26 Oct, 2012 08:28 AM
PRIME Minister Julia Gillard will today pledge $1.7 billion in new spending for farm water infrastructure upgrades – such as channels and pipes - to help the ailing Murray-Darling river system.Amid an ongoing battle between irrigators and conservationists, today's announcement will be a compromise measure that delivers more water while softening the blow to farming communities.
The money, which Fairfax Media understands will be spent over 10 years starting in 2014-15, will be used to make irrigation more efficient so that food and other produce can be grown with less water.
This can include levelling ground to reduce runoff, constructing pipes, lining and sealing channels and putting covers on dams to stop evaporation.

Under the present plan devised by the independent Murray-Darling Basin Authority, the government will return 2750 gigalitres of irrigation water to the environment, mostly by buying back irrigators' water rights.
But irrigators say this will destroy rural communities, particularly in southern NSW and northern Victoria. Conservationists and the South Australian government, meanwhile have been demanding that much more water be returned to the environment to boost the health of wetlands and other sites that depend on natural flooding and water flows.

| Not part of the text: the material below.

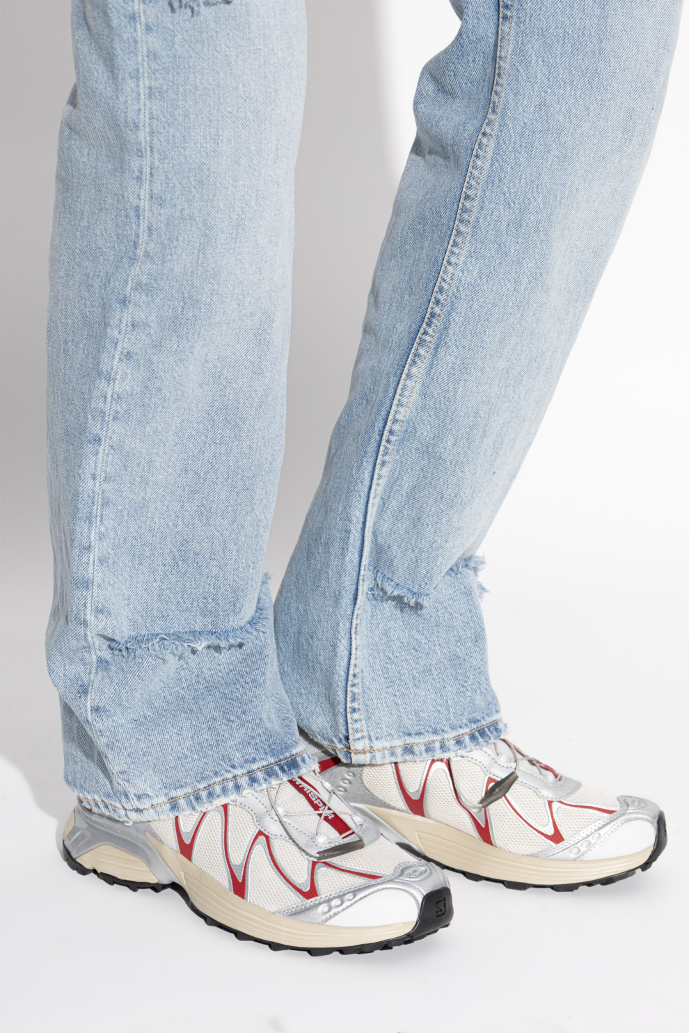 Кроссовки Salomon XT-WHISPER — современная интерпретация спортивного дизайна с акцентом на функциональность и визуальную динамику. Низкий силуэт подчёркнут контрастными линиями и выразительным красным акцентом по бокам верха, создающим узнаваемый и технологичный образ.

Ms Gillard will make the announcement in South Australia today.
The move will be seen as a compromise that will please both sides. South Australian Premier Jay Weatherill has threatened to go the High Court unless more water than the planned 2750GL is returned the environment. But NSW and Victoria strongly oppose raising the figure.
Of the existing $5.8 billion infrastructure program, only about $500 million has been spent on the Murray-Darling basin.
Water Minister Tony Burke has said he wants to get a Murray-Darling plan nailed down by the end of the year. He has threatened to go over the heads of the states if need be.